For the birth of my/our first child,  my husband was on the golf course.  He'd dropped me off at the hospital then gone off for his usual game of golf.

For my second child,  he was well over 200k away,  attending a dog race.  He thought my labour would be longer.

In both cases,  he didn't turn up for two to three days after the birth to look at his child.


----------



## Don M. (Sep 3, 2019)

I was there when our first daughter was born....the doctor had me wait in an adjacent waiting room during the final moments, but I was allowed back in within a few minutes.  When our second daughter was born, I was thousands of miles away in Thailand.


----------



## win231 (Sep 3, 2019)

Yes, dad should be there.  After all, he's partly to blame.
Maybe I should re-phrase that.  He's partly responsible.....


----------



## terry123 (Sep 4, 2019)

Those days no one was allowed in there.  Fathers and I were there when grands were born.


----------



## hollydolly (Sep 4, 2019)

I was alone... no family no husband... husband was at sea with the royal Navy... ! I was 57 hours in labour. I wished I'd had someone there...


----------



## toffee (Sep 4, 2019)

mine was not at mine -but he is the type that when its done hes in there '' first one was  winter snow was so bad  he had to wait till late visiting time due to heavy snow falls --then second one he was at the airport picking up my sister from Canada then by the time he arrived he was born - never again !!!!! lol


----------



## StarSong (Sep 4, 2019)

My husband was there for all our children's births - our first and then our twins.  

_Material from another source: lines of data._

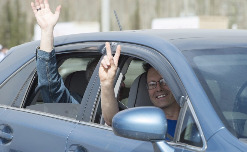 加通社圖-避難人士和鏡頭招手,表示已經安全逃離
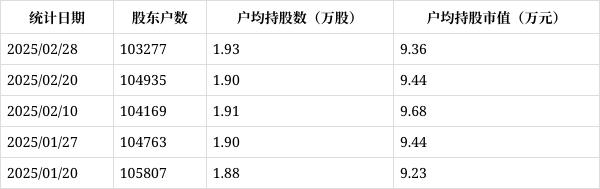 从3月4日公开信息显示,中色股份截至2025年2月28日公司股东户数为10.33万户,较上期(2025年2月20日)减少1658户,降幅为1.58%,变化不大。
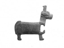 bronz kulcs egyik fele, amelyet stilizált négylábú, talán szarvas alakjában formáztak meg. Az állat testét bevésett geometrikus minták díszítik.
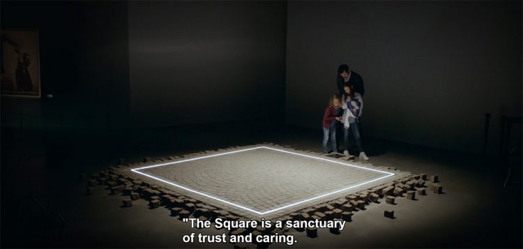המסקנה העגומה היא שהאמנות המודרנית היא לא רק ממוסחרת ונטולת משמעות, אלא היא גם מעודדת בני אדם שלא לשאול שאלות ולשתף פעולה עם הלך הרוח הכללי, עד כדי כך שהם הופכים אדישים לזולת. את כל זה כריסטיאן רוצה לשנות באמצעות תערוכה חדשה בשם "הריבוע". גם כאן מדובר באמנות קונספטואלית, מינימליסטית ומודרנית אבל הפעם יש גם מסר חברתי ברור. כל מי שעומד בתוך השטח שתחום על ידי הריבוע, מחוייב לסייע לכל מי שיבקש ממנו עזרה.
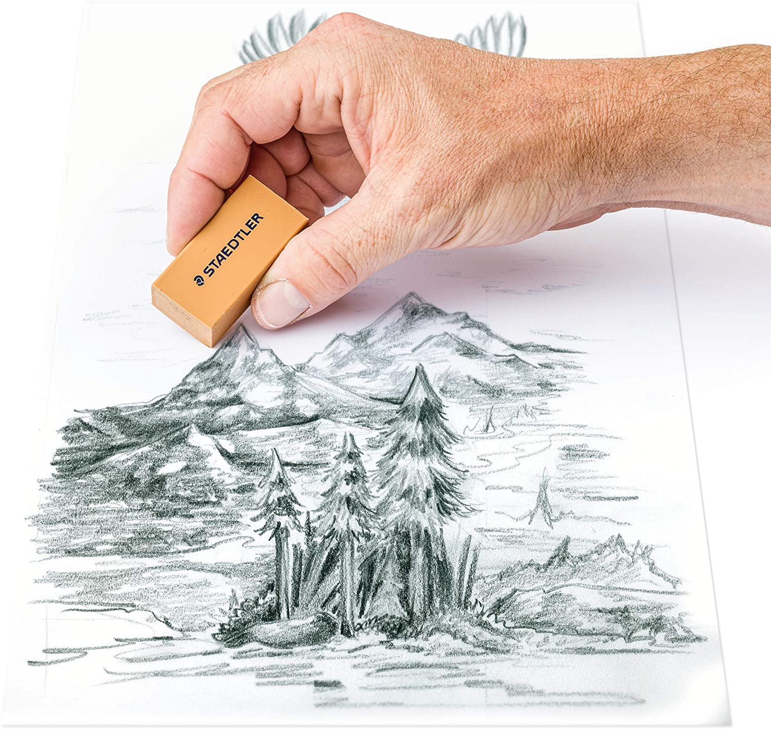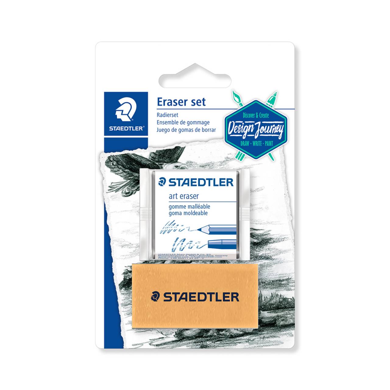 El set contiene una goma moldeable gris , suave para limpiar residuos de grafitos o carboncillo. También contiene una goma dura para borrar al raspar.
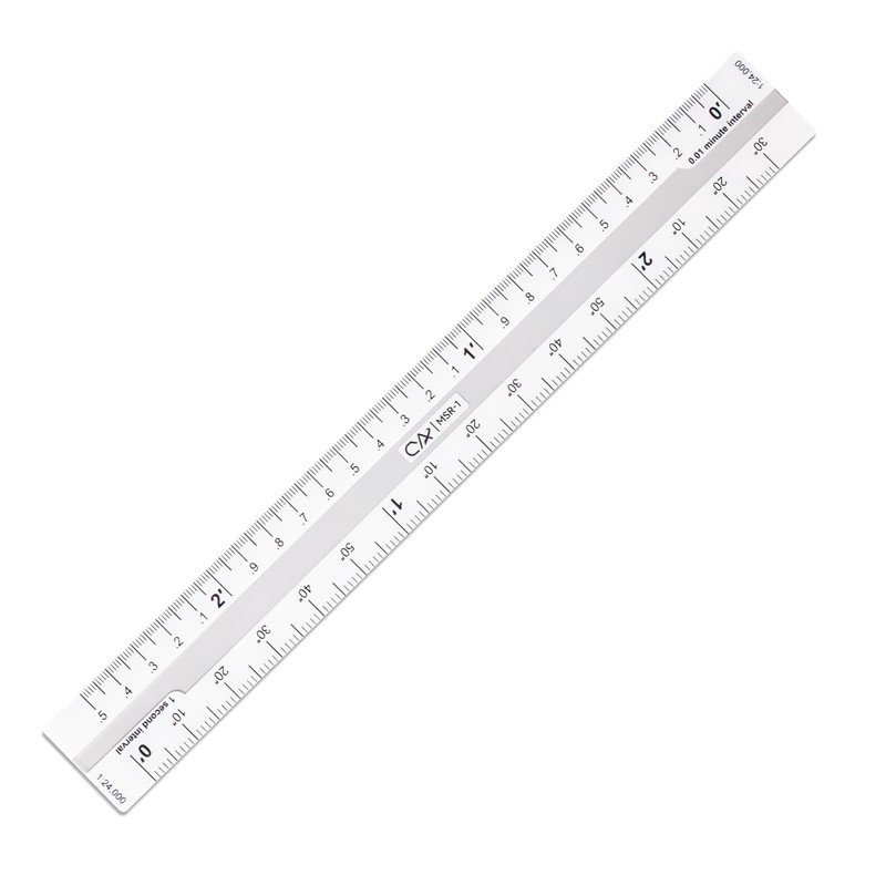 - On the front side, the ruler has minutes and seconds on one edge and decimal minutes on the other edge, allowing you to use either notation. 0.01 min & 1 sec
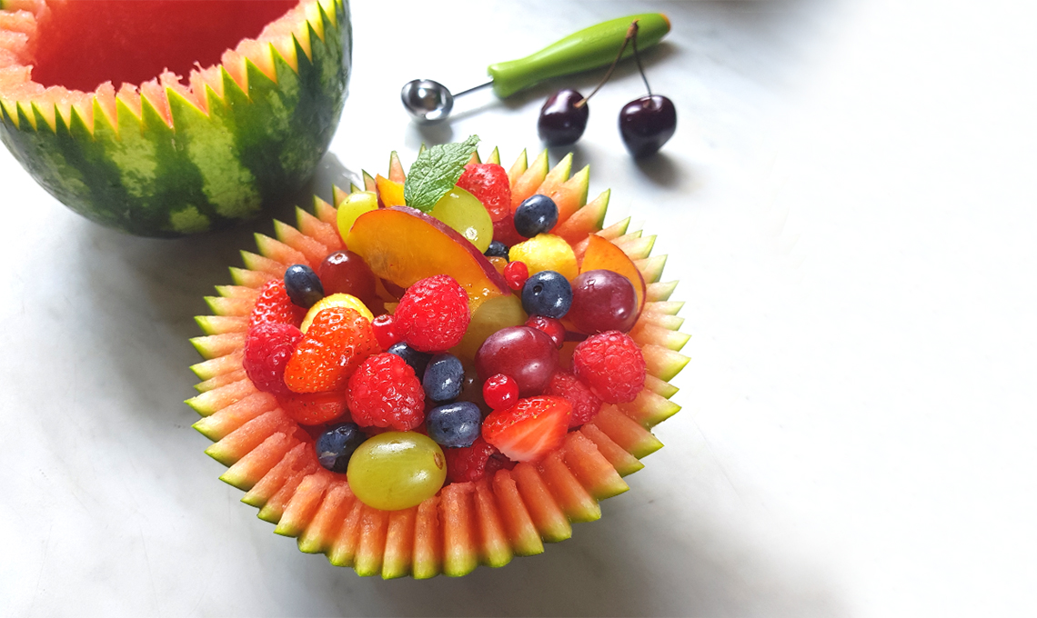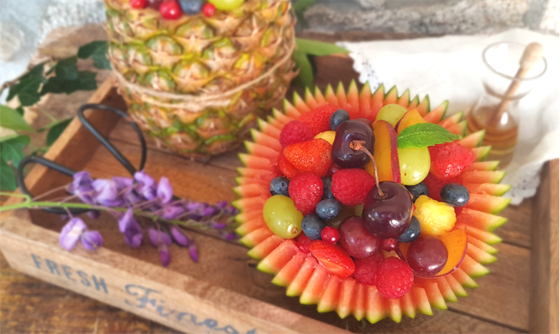 Aperitivi e merende, cene in piedi e brunch sono la situazione ideale per presentare e proporre la frutta di stagione nei 'contenitori' di frutta. Ecologici e biodegradabili, richiedono pochi minuti per la preparazione.
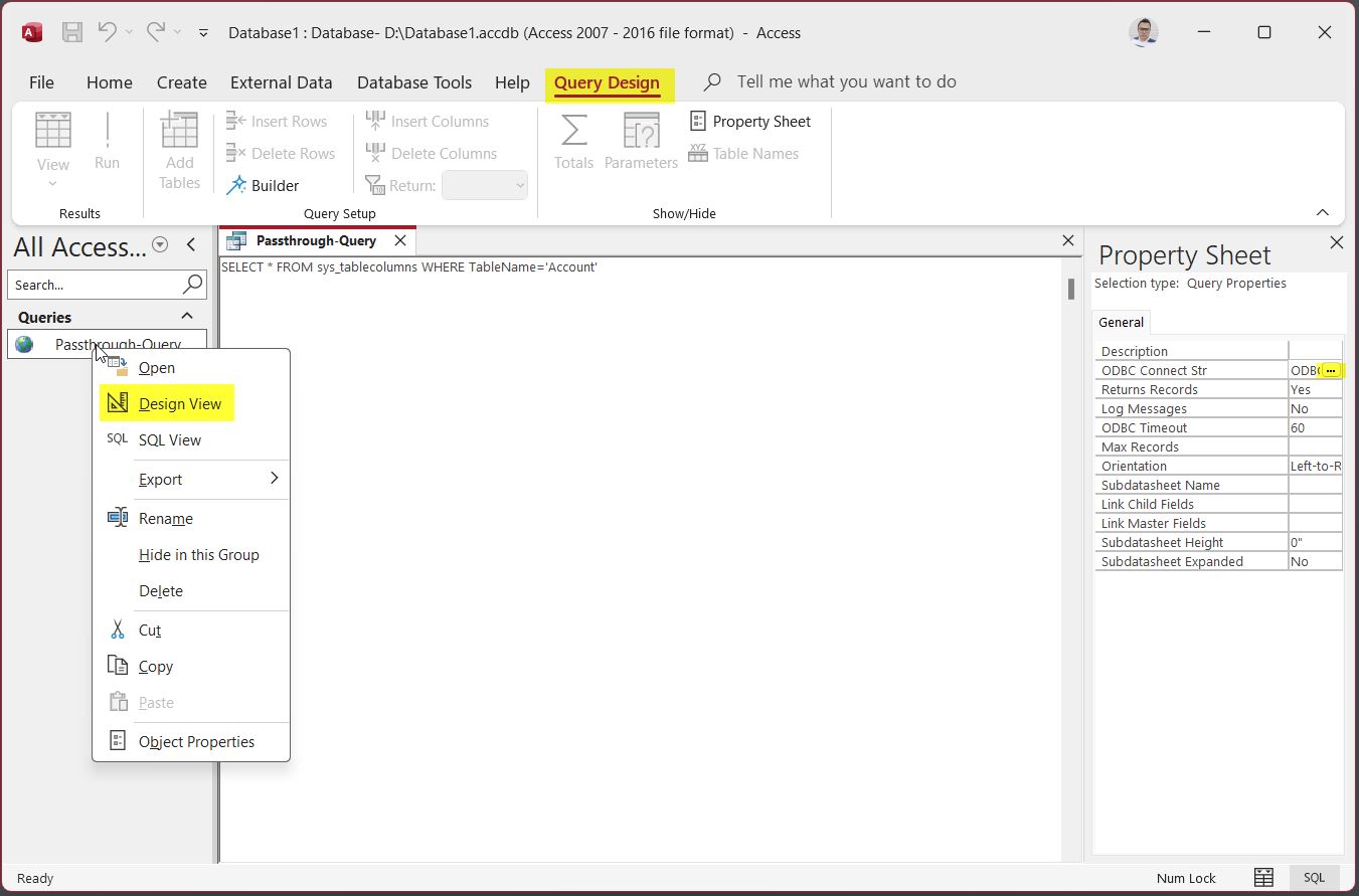 - 保存したクエリは、左側のすべての Access オブジェクトペインに表示されます。 クエリ(例:Passthrough-Query)を右クリックし、デザインビューを選択します。

Truth is, he wouldn't have been any less bonded to our children if he'd been brought in ten minutes after the births instead of witnessing them, but he did find it interesting to see them born. 

That said, it made a huge difference for my experience of the births to have such a strong advocate for me and our babies. He saw to my needs and I was secure in the knowledge that he was clear-minded throughout and would have been able to make difficult decisions if need be. 

During medical crises it's an extreme blessing to have someone at hand who you trust with your life. Over the years we've advocated for each other.


----------



## JustBonee (Sep 4, 2019)

CeeCee said:


> When my kids were born it wasn’t allowed.  He was with me through labor though but when they took me to delivery he wasn’t there...with no epidurals then, I didn’t much care at that point.
> Had a very long and painful labor with my daughter ...close to 30 hours.
> Wasnt so bad with my son but they induced him.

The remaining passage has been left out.